Laten we eens bij onszelf nagaan wat we eigenlijk willen weten als we iemand een capaciteitentest of intelligentietest laten ondergaan. Dit kan bijvoorbeeld zijn welk werk- en denkniveau iemand heeft om te kunnen inschatten of de persoon in kwestie het werk- en denkniveau van een bepaalde functie aankan. In de normgroep van bijvoorbeeld de nationale intelligentietest zit als het goed is een representatie van onze bevolking dus kun je aan de uitslag op de intelligentietest zien of de kandidaat hoger of lager dan de gemiddelde Nederlander scoort. Helpt dit je veel verder? Het kan je wel verder helpen als je de gewenste IQ score weet. Hiervoor zou je eerst meerdere mensen die de functie waarvoor u een kandidaat wilt testen dezelfde intelligentietest kunnen laten maken. Zo kunt u vinden wat de wenselijk score is om de functie goed te kunnen uitvoeren.
Wat ik hiermee duidelijk wil maken is dat op het moment dat je een capaciteitentest of een intelligentietest zoekt om het werk- en denkniveau van een kandidaat inzichtelijk te krijgen je vooral moet bedenken tegen welke normgroep je diegene wilt afzetten. Zoek je een kandidaat met gemiddeld WO werk- en denkniveau zoek dan capaciteitentesten die een normgroep hebben die alleen uit WO-ers bestaat. Daarbij is het ook nog van belang dat de personen in de normgroep in eenzelfde situatie de test hebben ingevuld, hing er een baan vanaf of wilde hij/zij gewoon even een capaciteitentest of intelligentietest uitproberen? In het eerste geval zal iemand zich meer inspannen en beter scoren waardoor de norm strenger wordt. Er zijn testen die betrouwbaar en discriminerend zijn voor zowel volwassenen als voor kinderen. Wat daarbij de truc is, is dat er aparte normgroepen zijn gecreëerd voor de groep kinderen en voor de groep volwassenen.

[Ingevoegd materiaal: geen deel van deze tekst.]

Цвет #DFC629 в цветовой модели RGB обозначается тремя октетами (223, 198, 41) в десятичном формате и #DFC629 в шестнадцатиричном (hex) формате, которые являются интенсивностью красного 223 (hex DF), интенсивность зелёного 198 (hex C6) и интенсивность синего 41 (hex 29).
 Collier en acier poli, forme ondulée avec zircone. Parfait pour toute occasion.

Met een Nederlandse normgroep andere culturen meten
Kan een Nederlands bedrijf nu wel of niet mensen testen van het zusterbedrijf in Engeland met dezelfde test en normgroep? Hierbij is het ten eerste weer belangrijk dat het testmateriaal “eerlijk is” en in de juiste taal beschikbaar is. Ten tweede is het belangrijk om te weten wat het doel is om deze mensen te testen. Als het doel is de medewerkers van de verschillende bedrijven met elkaar te vergelijken is het juist goed om voor beide groepen dezelfde, dus in dit geval de Nederlandse normgroep te gebruiken. Zo zullen de verschillen inzichtelijk worden. Als het doel is om een minimale aftestgrens of opleidingsniveau te bepalen die nieuwe medewerkers moeten scoren om aangenomen te worden is het natuurlijk wel van belang dat het opleidingsniveau van de normgroep ook representatief is voor de opleidingen in het betreffende land.
Het lijkt het me sowieso beter iedereen langs eenzelfde lat te leggen als er bijvoorbeeld iemand uit het buitenland of een allochtoon komt solliciteren bij een Nederlands bedrijf.

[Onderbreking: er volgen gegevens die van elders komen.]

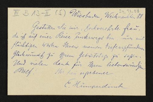 eigenhändige Briefkarte von Engelbert Humperdinck an Cosima Wagner

Bij Nederlandse allochtonen is het vooral van belang dat het materiaal te begrijpen valt voor de kandidaat. Denk aan het taalniveau van de vragenlijst, er zijn vragenlijsten speciaal hertaald naar B1 taalniveau. Als je aparte normgroepen voor allochtonen zou maken zullen waarschijnlijk reële verschillen met Nederlanders “wegpoetst” worden, deze wil je juist inzichtelijk hebben.
Onderschat dus niet de waarde van een goede en passende normgroep bij het selecteren van capaciteitentesten voor een kandidaat!